Ich werde jetzt mal mit eingeschlagenen Lenker an Wand anlehnen anfangen und dann auf ein Backstein oder so umsteigen.
Ich habe bislang mit geraden Lenke vor der Wand geübt und wollte das jetzt direkt ohne Wand machen. Waren wohl ein paar Schritte zuviel auf einmal.
Also Danke habt mir erst mal weitergeholfen.  ?


----------



## MTB-News.de




----------



## ron101 (15. August 2020)

Ich würde das ohne Wand üben, lieber nur die 10 Sek. ohne Wand ausdehen, als minuten weise an der Wand üben.


----------



## Black-Under (15. August 2020)

ron101 schrieb:


> Ich würde das ohne Wand üben, lieber nur die 10 Sek. ohne Wand ausdehen, als minuten weise an der Wand üben.


ich mache das jetzt wie im Video, mit eingeschlagenen Vorderrad an der Wand war anfangs für mich schwerer als mit geraden VR. Jetzt geht an der Wand ohne Bremse und nur mit zeitweiligen Kontakt schon fast eine Minute. 
Als nächstes kommt ein Ziegelstein.......im Moment mach ich schnell Fortschritte bin echt happy.  
Ich glaube auch dass mir das auch im Trail beim fahren hilft wenn man weiß dass man sogar kurz stehen kann.

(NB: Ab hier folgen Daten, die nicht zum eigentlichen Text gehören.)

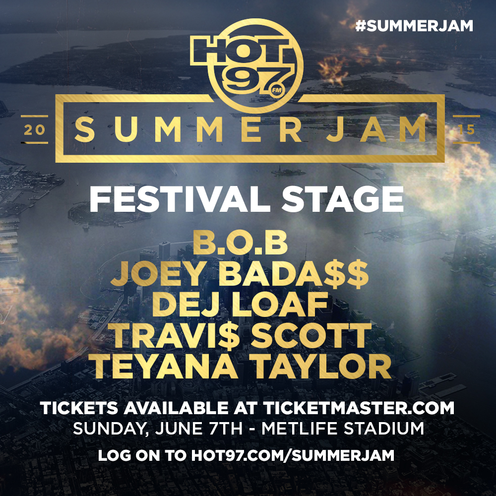 EMMIS Top 40/Rhythmic WQHT (HOT 97)/NEW YORK's HOT 97 SUMMER JAM is locked in for SUNDAY, JUNE 7 at METLIFE STADIUM. This morning (3/19), HOT 97 morning host EBRO announced details on this year's HOT 97 SUMMER JAM Festival Stage. The Festival Stage outside of METLIFE STADIUM will feature performances by B.o.B, JOEY BADA$$, DEJ LOAF, TRAVI$ SCOTT, and TEYANA TAYLOR. The Festival Stage is the beginning, with the Stadium Stage lineup to be announced next week.

Wir werden sehen.


----------



## dopero (15. August 2020)

Unbedingt extra für den Trackstand ein spezielles Rad anschaffen!  






Die Wand war vermutlich für den Anfang nicht ideal, Du hast Dich an der immer angelehnt. Das musst Du Dir halt jetzt abgewöhnen.


----------



## Black-Under (15. August 2020)

dopero schrieb:


> Unbedingt extra für den Trackstand ein spezielles Rad anschaffen!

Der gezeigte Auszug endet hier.